The contrast she drew between that overwhelming collective response and her discomfort with Hollywood social life is psychologically revealing. She distinguished between the public — which frightened her — and people, whom she genuinely liked. That separation explains much about Monroe’s documented social anxiety alongside her undeniable magnetism: she could command the attention of 75,000 strangers and feel genuinely uncomfortable at a dinner table where she sensed she had been invited for decorative rather than human reasons.

Her description of being summoned to social events to “brighten up a dinner table” — present as a prop rather than a person — captures the specific dehumanisation that accompanied her celebrity with a precision that no biographer has since improved upon.

 

The Private Life She Wanted and Never Fully Had

Perhaps the most poignant element of the Meryman interview is Monroe’s unambiguous statement about what she actually wanted from life — not film sets or magazine covers, but a stable marriage and children. She had married factory worker James Dougherty at sixteen, becoming a stepmother and domestic caretaker before she was legally an adult. Her bond with her stepchildren, she said, produced some of her closest friendships.

The story she shared about her stepson Bobby — hiding a magazine article about her, and her response that he should come directly to her with any questions rather than learning about her secondhand — reveals a woman acutely aware of the gap between her public image and her private self, and actively trying to bridge that gap for the people she loved.

How She Died — and Why the Mystery Persists

Marilyn Monroe died on August 4, 1962, at her Los Angeles home. Her housekeeper Eunice Murray discovered her unresponsive the following morning, the bedroom door locked from inside. Her psychiatrist Ralph Greenson broke in through a window and found her face-down on the bed. Her physician Hyman Engelberg pronounced her dead at 36.
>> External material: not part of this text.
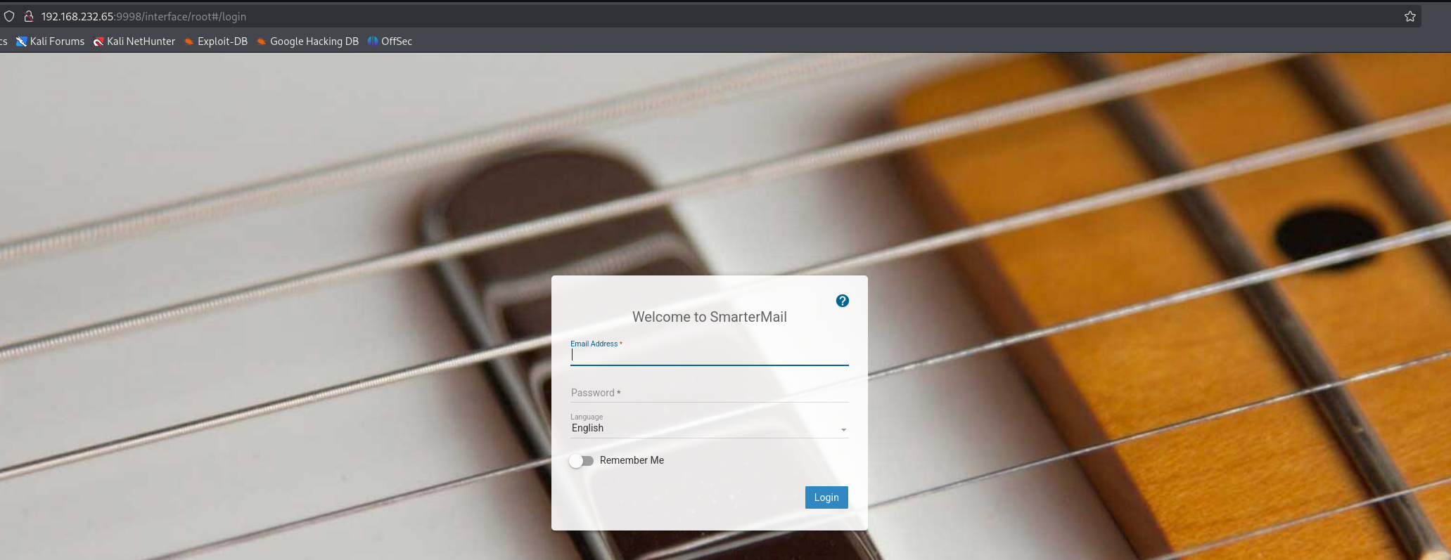 The request forwards us to http://192.168.232.65:9998/interface/root. We also confirm that this is running SmarterMail, but what if we can find what version or build this is?
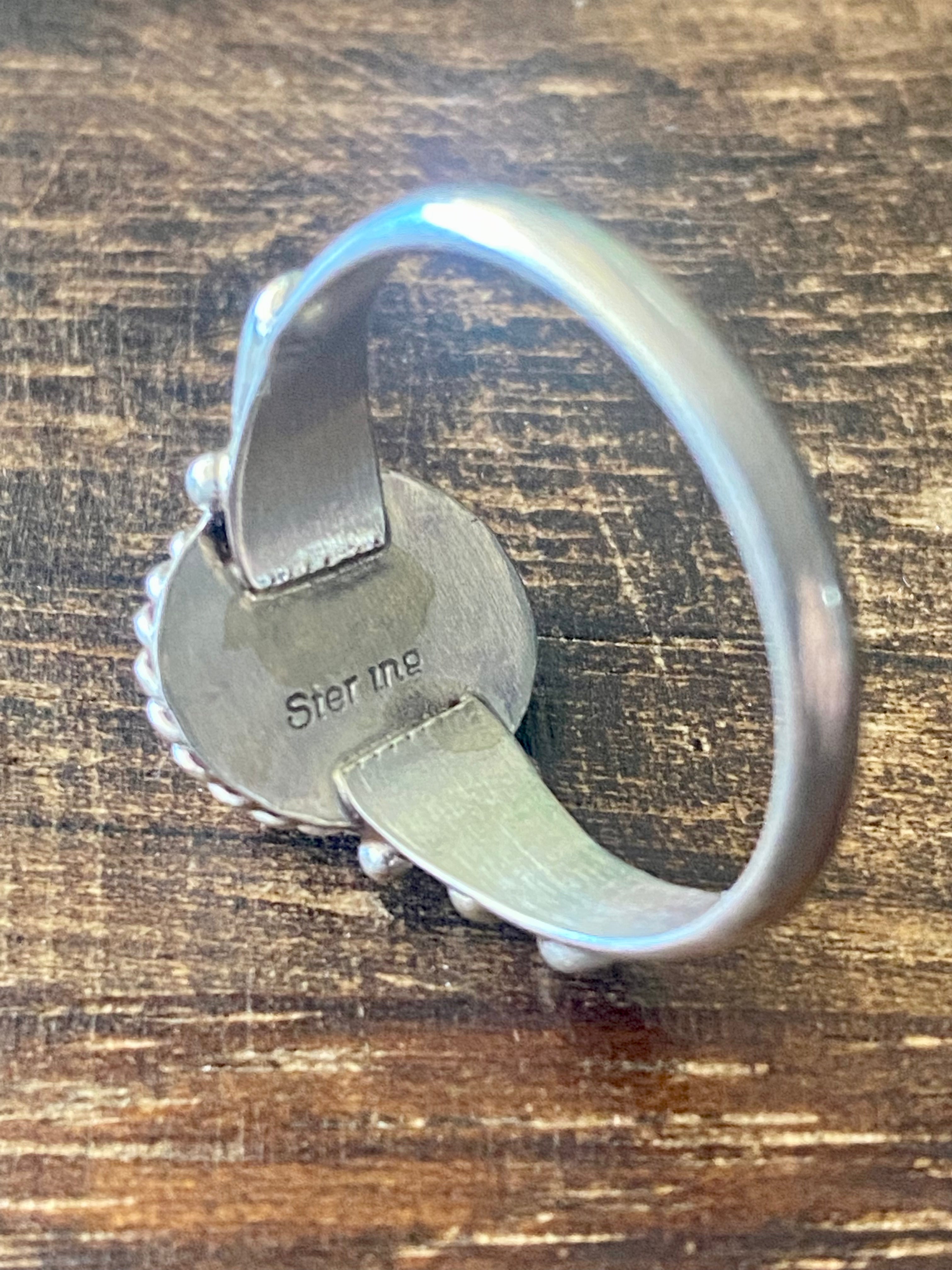 Navajo Made Spiny Oys & Sterling Silver Ring. It measures just over 1/2 of an inch long and 1/2 of an inch wide. Stones will differ due to natural stones. Stamped sterling silver.

Toxicology confirmed acute barbiturate and chloral hydrate poisoning. The official ruling was probable suicide. Sixty-four years later, that ruling remains contested — the circumstances of that final night, the timeline of who was contacted and when, and the question of whether Monroe had the physical capacity to self-administer a fatal dose have generated sustained investigative interest that shows no sign of resolution.

FAQ

What is the new Marilyn Monroe book? Marilyn: The Lost Photographs, The Last Interview — containing her final interview with Life magazine editor Richard Meryman, published for the first time in full.

Did Marilyn Monroe consider herself a sex symbol? She explicitly rejected the label, stating she had never performed an erotic scene and that Hollywood’s sexualisation of her was imposed rather than authentic.

How did Marilyn Monroe die? Officially from acute barbiturate and chloral hydrate poisoning on August 4, 1962. The circumstances remain disputed.

What was Marilyn Monroe Productions? The film production company Monroe founded — the first established by a female Hollywood star — giving her creative and financial control over her own projects.